1.3 LOSS OF EXCLUSIVITY. In the event that National fails, for a period of four consecutive weeks, to air the EarthLink Spots as contemplated by Sections 2.2(a) and (b) of this Agreement in any country within the Territory, then National's -rights -pursuant to Section 1.l of this Agreement shall cease being exclusive in such country, and EarthLink, by itself or through any licensee, may exercise such rights in such country concurrently with National's exercise of such rights.
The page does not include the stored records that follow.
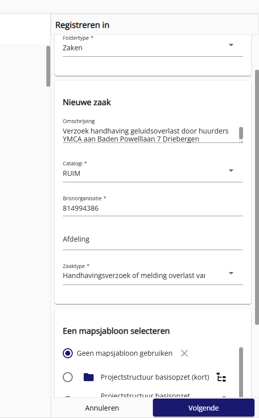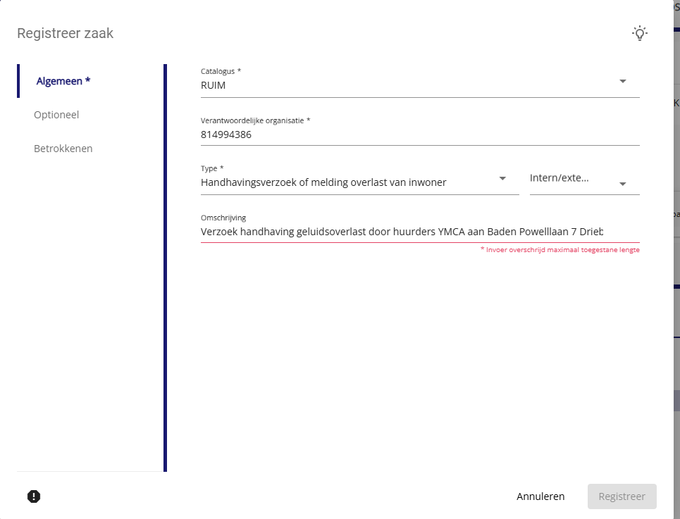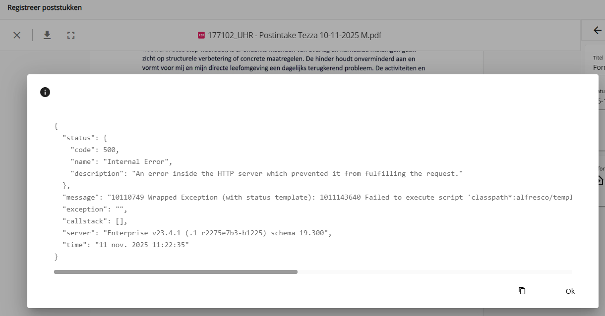 Desbetreffende foutmelding die je pas op het einde krijgt bij het aanmaken van een zaak via de postintake:
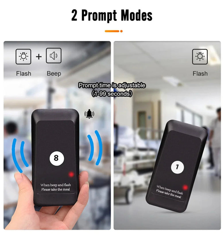 1. Customizable Alerts: The TD157 pager system offers two prompt methods - Flash and Flash + Buzzer. You can easily customize the alert settings to fit your specific needs, ensuring an effective communication system.
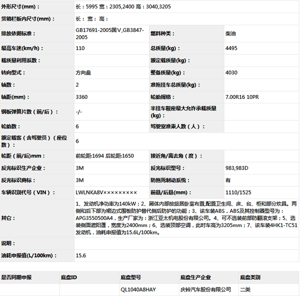 公告型號 QL5040XLJA8HA
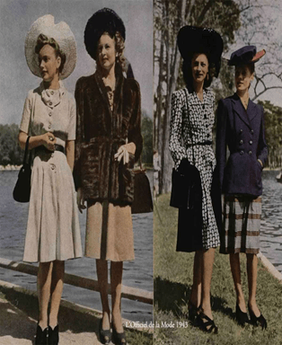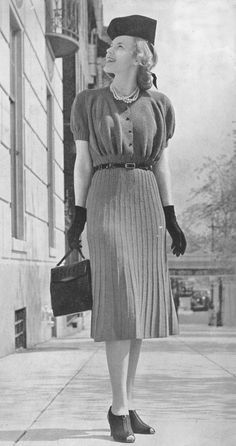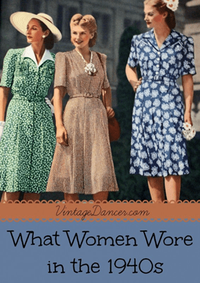 In a nutshell, 1940s women’s fashion was about creating an hourglass silhouette with masculine details: padded shoulders nipped in high waist tops, and A-line skirts that came down to the knee. This was the everyday shape for clothing, from suits to dresses. Even pants had a similar high waisted, wide leg shape.
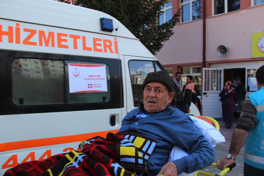 Belden aşağısı felçli olan 80 yaşındaki Mehmet Deveci de evde sağlık hizmetleri ekiplerinin yardımıyla sedyeyle taşınarak oy kullanacağı sandığın bulunduğu okula getirildi.

2. PRODUCTION AND AIRING OF EARTHLINK SPOTS.
2.1 PRODUCTION OF EARTHLINK SPOTS. National, through its employees, agents and/or independent contractors, shall write, produce and edit two television direct response advertisements (collectively, the "EarthLink Spots"), one of approximately 15 seconds in length (the "Short Spot") and one of approximately 60 seconds in length (the "Long Spot"). National shall bear all costs incurred from and after the date of this Agreement in connection with the production, editing and airing of the EarthLink Spots. National shall consult with EarthLink with respect to the production of the EarthLink Spots, each of which shall be subject to EarthLink's approval, which shall neither be unreasonably withheld nor delayed. To that end, National shall provide EarthLink with a review copy of each preliminary version of each of the EarthLink Spots as promptly as practicable.
2.2 AIRING OF EARTHLINK SPOTS.
(a) SHORT SPOT. During the six-month period immediately following EarthLink's approval of the Short Spot, National shall take such steps as are necessary to add such Spot to the beginning or end of each 30- minute infomercial which National airs on television in the Territory. Following the conclusion of such six-month period, National shall air the Short Spot in conjunction with each 30-minute infomercial which National airs in the Territory for the balance of the term of this Agreement.
(b) LONG SPOT. As soon as practicable (but in any event not longer than 90 days) following EarthLink's approval of the Long Spot, National shall cause such Spot to be aired within the Territory not less than 50 times per week for the balance of the term of this Agreement.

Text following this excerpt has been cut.